INFORMATION SUPPLIED:
○ ○ ○ ○ ○
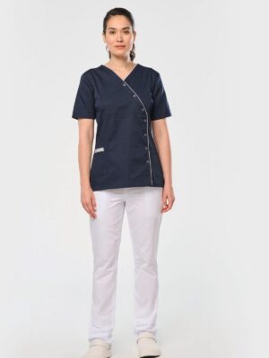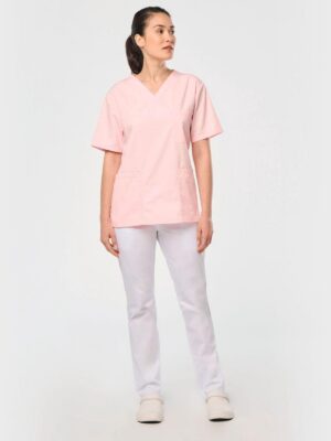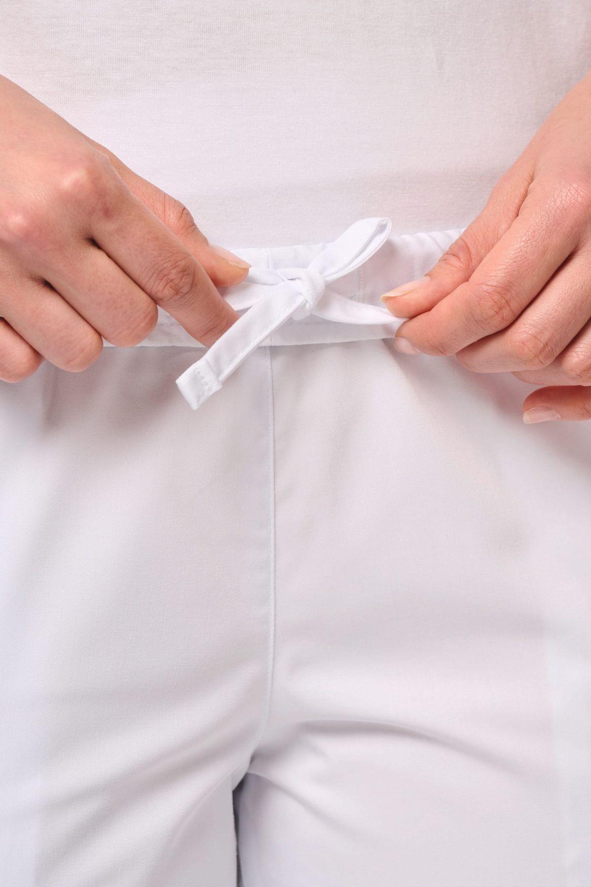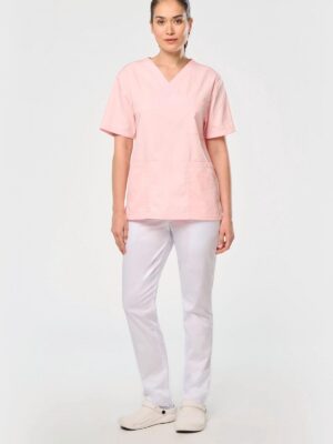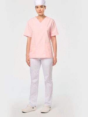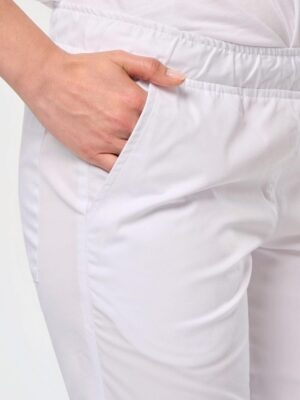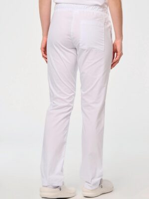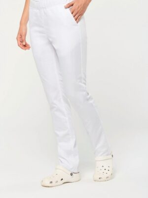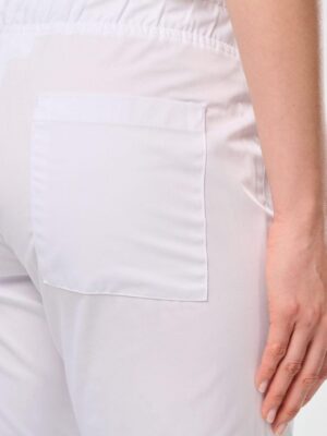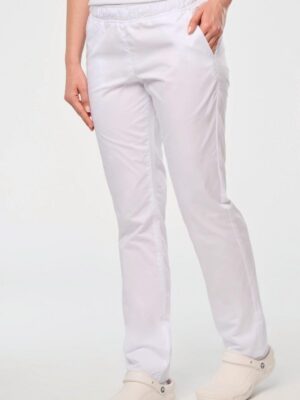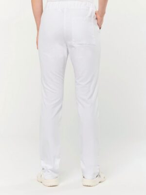 65% polyester / 35% coton. Tissu twill polycoton. Lavage 60°C. 2 poches italiennes côtés + 1 poche plaquée arrière avec renforts. Ceinture élastiquée avec cordon de serrage à l’intérieur. Etiquette de marque Tear Away.
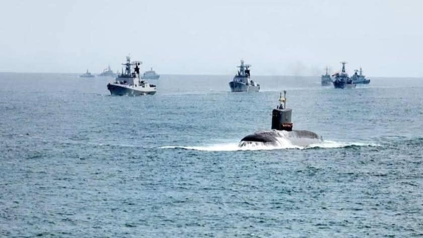 ပုံစာ-စစ်ကော်မရှင် စစ်ရေယာဉ်များ ပင်လယ်ပြင်စစ်ဆင်မှု လေ့ကျင့်ဆောင်ရွက်နေသည်ကို တွေ့ရစဉ်။
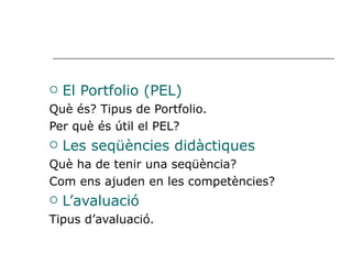 El Portfolio (PEL)Què és? Tipus de Portfolio. Per què és útil el PEL? Les seqüències didàctiques Què ha de tenir una seqüència? Com ens ajuden en les competències? L’avaluació Tipus d’avaluació.
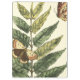 As borboletas fluem pelo ar, pousando em folhas nesta cena botânica por Megan Meagher. Um quadro preto contém a ação. Coloque esta pintura pacífica na sua parede hoje!
○ ○ ○ ○ ○
WHAT NEEDS TO BE DONE:
Since the listing holds pictures, return everything else in it exactly and omit those.

COMPLETED TASK:
 65% polyester / 35% coton. Tissu twill polycoton. Lavage 60°C. 2 poches italiennes côtés + 1 poche plaquée arrière avec renforts. Ceinture élastiquée avec cordon de serrage à l’intérieur. Etiquette de marque Tear Away.
 ပုံစာ-စစ်ကော်မရှင် စစ်ရေယာဉ်များ ပင်လယ်ပြင်စစ်ဆင်မှု လေ့ကျင့်ဆောင်ရွက်နေသည်ကို တွေ့ရစဉ်။
 El Portfolio (PEL)Què és? Tipus de Portfolio. Per què és útil el PEL? Les seqüències didàctiques Què ha de tenir una seqüència? Com ens ajuden en les competències? L’avaluació Tipus d’avaluació.
 As borboletas fluem pelo ar, pousando em folhas nesta cena botânica por Megan Meagher. Um quadro preto contém a ação. Coloque esta pintura pacífica na sua parede hoje!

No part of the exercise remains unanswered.